What you have to do: Copy out again, unchanged, the listing below from the line that has "Details - Training" through the line that has "Der Stegen/ Courtuis".

Records:
· · ·
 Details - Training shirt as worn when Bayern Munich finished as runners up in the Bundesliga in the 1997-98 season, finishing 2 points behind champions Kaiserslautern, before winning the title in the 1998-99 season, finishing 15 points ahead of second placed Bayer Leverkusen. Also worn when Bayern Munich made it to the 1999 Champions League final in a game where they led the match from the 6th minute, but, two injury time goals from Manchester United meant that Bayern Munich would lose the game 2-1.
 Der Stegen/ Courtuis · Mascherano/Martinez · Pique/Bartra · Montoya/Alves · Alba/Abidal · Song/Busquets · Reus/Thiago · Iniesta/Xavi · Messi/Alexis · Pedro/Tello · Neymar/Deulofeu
· · ·
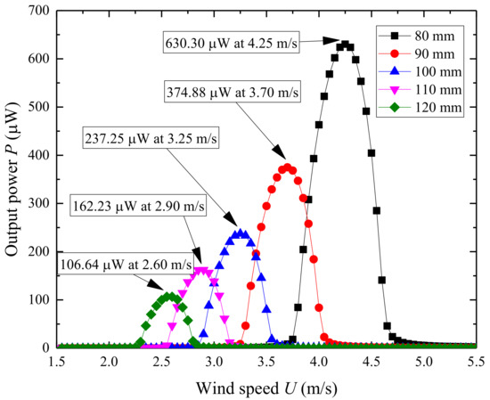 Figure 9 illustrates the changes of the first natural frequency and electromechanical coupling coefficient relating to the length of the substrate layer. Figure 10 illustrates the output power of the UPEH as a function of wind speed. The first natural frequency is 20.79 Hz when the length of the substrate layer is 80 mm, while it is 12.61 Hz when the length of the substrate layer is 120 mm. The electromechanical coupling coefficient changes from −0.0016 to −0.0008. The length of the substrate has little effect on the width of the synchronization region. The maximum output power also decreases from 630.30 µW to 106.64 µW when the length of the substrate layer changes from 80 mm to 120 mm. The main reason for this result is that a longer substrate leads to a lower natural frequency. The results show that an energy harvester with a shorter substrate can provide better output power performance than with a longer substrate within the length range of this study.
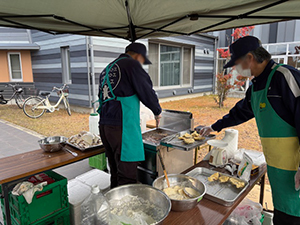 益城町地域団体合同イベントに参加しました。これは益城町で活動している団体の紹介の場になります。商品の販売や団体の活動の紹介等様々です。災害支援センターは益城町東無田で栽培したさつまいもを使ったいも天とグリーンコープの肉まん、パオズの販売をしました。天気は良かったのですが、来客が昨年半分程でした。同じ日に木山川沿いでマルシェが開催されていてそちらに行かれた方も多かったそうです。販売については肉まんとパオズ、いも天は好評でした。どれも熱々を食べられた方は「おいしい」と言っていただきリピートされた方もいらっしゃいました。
· · ·
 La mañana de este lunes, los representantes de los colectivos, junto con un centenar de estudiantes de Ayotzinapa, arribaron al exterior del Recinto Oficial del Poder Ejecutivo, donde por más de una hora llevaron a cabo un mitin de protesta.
· · ·
Answer section:
 Details - Training shirt as worn when Bayern Munich finished as runners up in the Bundesliga in the 1997-98 season, finishing 2 points behind champions Kaiserslautern, before winning the title in the 1998-99 season, finishing 15 points ahead of second placed Bayer Leverkusen. Also worn when Bayern Munich made it to the 1999 Champions League final in a game where they led the match from the 6th minute, but, two injury time goals from Manchester United meant that Bayern Munich would lose the game 2-1.
 Der Stegen/ Courtuis · Mascherano/Martinez · Pique/Bartra · Montoya/Alves · Alba/Abidal · Song/Busquets · Reus/Thiago · Iniesta/Xavi · Messi/Alexis · Pedro/Tello · Neymar/Deulofeu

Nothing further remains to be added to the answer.